PROVIDED INFORMATION
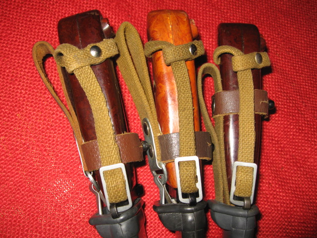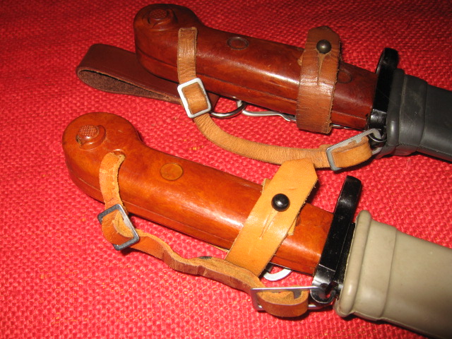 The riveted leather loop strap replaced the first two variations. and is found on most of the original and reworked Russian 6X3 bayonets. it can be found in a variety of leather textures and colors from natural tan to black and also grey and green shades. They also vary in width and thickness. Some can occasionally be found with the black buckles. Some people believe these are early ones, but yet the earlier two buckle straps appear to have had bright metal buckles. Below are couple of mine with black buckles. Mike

...

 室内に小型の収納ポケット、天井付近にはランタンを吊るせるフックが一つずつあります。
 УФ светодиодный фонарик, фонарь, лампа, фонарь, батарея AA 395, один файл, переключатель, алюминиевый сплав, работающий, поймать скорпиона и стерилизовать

* * *

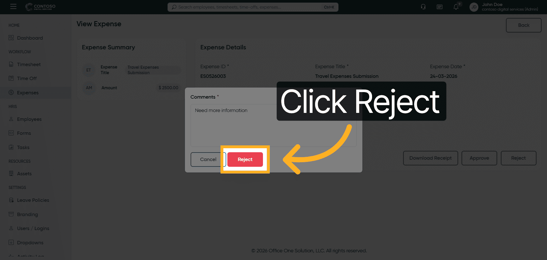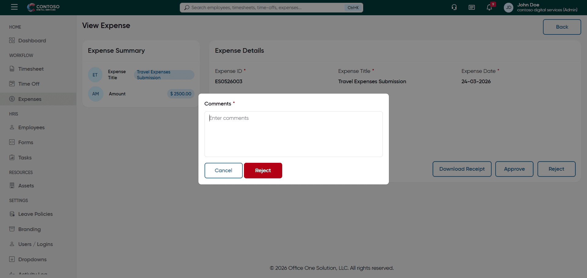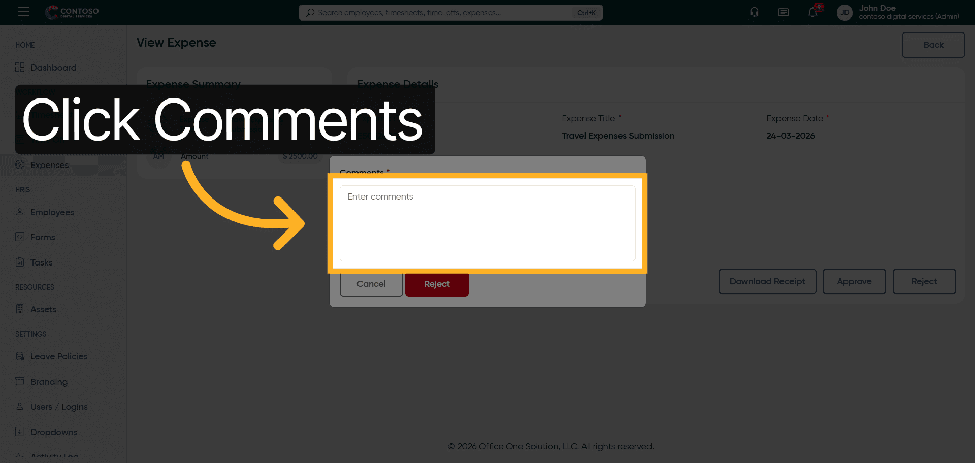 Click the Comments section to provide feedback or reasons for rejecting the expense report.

TO DO
Within the material above, output exactly the lines from the one with "室内に小型の収納ポケット、天" through the one with "УФ светодиодный фонарик, фонарь, лампа, фонарь, батарея", end lines included, and nothing besides.

OUTPUT OF THE EXERCISE
 室内に小型の収納ポケット、天井付近にはランタンを吊るせるフックが一つずつあります。
 УФ светодиодный фонарик, фонарь, лампа, фонарь, батарея AA 395, один файл, переключатель, алюминиевый сплав, работающий, поймать скорпиона и стерилизовать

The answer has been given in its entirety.